Mandar@Mandar-PC /MyFiles/NewFolder
$ cat > GrepTest.txt
Mandar R. Gogate

Mandar@Mandar-PC /MyFiles/NewFolder
$ grep mandar


Mandar@Mandar-PC /MyFiles/NewFolder
$ grep mandar GrepTest.txt

Mandar@Mandar-PC /MyFiles/NewFolder
$ grep -i mandar GrepTest.txt
Mandar R. Gogate

Mandar@Mandar-PC /MyFiles/NewFolder
$ grep -in mandar GrepTest.txt
1:Mandar R. Gogate


Mandar@Mandar-PC /MyFiles/NewFolder
$ grep Mandar GrepTest.txt
Mandar R. Gogate

Mandar@Mandar-PC /MyFiles/NewFolder
$ grep -w Man GrepTest.txt

Mandar@Mandar-PC /MyFiles/NewFolder
$ grep Man GrepTest.txt
Mandar R. Gogate


Mandar@Mandar-PC /MyFiles/NewFolder
$ grep -ci man GrepTest.txt
1

Mandar@Mandar-PC /MyFiles/NewFolder
$ grep -i man GrepTest.txt > Out.txt



29.find
----

find : finds a file in a directory

-mtime is the last modified time of a file

-atime is the last access time

1. To find files modified in the last 5 days:

find . -mtime -5


2. To find files modified before 5 days:

find . -mtime +5

->If you omit the '+', it has a different meaning. It means to find files modified exactly before 5 days.



File got modified in last day
Mandar@Mandar-PC /MyFiles/NewFolder
$ find -mtime -1
.
./GrepTest.txt
./Out.txt
./Way1.txt
./Way2.txt
./Way3.txt


Files got accessed in last day
Mandar@Mandar-PC /MyFiles/NewFolder
$ find . -atime -1
.
./GrepTest.txt
./Out.txt
./Way1.txt
./Way2.txt
./Way3.txt


File got accessed before 45 days
Mandar@Mandar-PC /MyFiles/NewFolder
$ find . -atime +45
./Employees.csv




30.Creating Files
===========================

CAT
TOUCH

CAT > Filename, CTRL+D

> Create
< View
>> appends

Touch: this command creates an empty file

31.Chmod command.
-------------
chmod command is used to change permissions on a file.
for example if I have a text file with calender in it called cal.txt.
initially when this file will be created the permissions for this file depends upon umask set in your profile files.
As you can see this file has 666 or -rw-rw-rw attributes.

ls -la cal.txt

-rw-rw-rw- 1 ssb dxidev 135 Dec 3 16:14 cal.txt

In this line above I have -rw-rw-rw- meaning respectively that owner can read and write file, member of the owner's group can read and write this file and anyone else connected to this system can read and write this file., next ssb is owner of this file dxidev is the group of this file, there are 135 bytes in this file, this file was created on December 3 at time16:14 and at the end there is name of this file.

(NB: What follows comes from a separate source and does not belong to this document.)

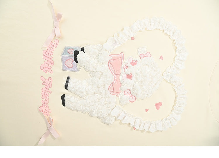 クリーミーイエローのプラッシュラムアップリケフリルハートルーズTシャツ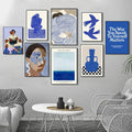 Abstract Blue Geometric Face Lines Canvas Painting Curve Girl Vase Dove Wall Art Posters Print Picture Nordic Bedroom Home Decor

Learn to read these permissions in binary, like this for example Decimal 644 which is 110 100 100 in binary meand rw-r--r-- or user can read,write this file, group can read only, everyone else can read only. Similarly, if permissions are 755 or 111 101 101 that means rwxr-xr-x or user can read, write and execute, group can read and execute, everyone else can read and execute. All directories have d in front of permissions. So if you don't want anyone to see your files or to do anything with it use chmod command and make permissions so that only you can read and write to that file, i.e. chmod 600 filename.

r -4
w -2
x -1

32.File Operations
--------------------------

33.Wc command
------------------
wc command counts the characters, words or lines in a file depending upon the option.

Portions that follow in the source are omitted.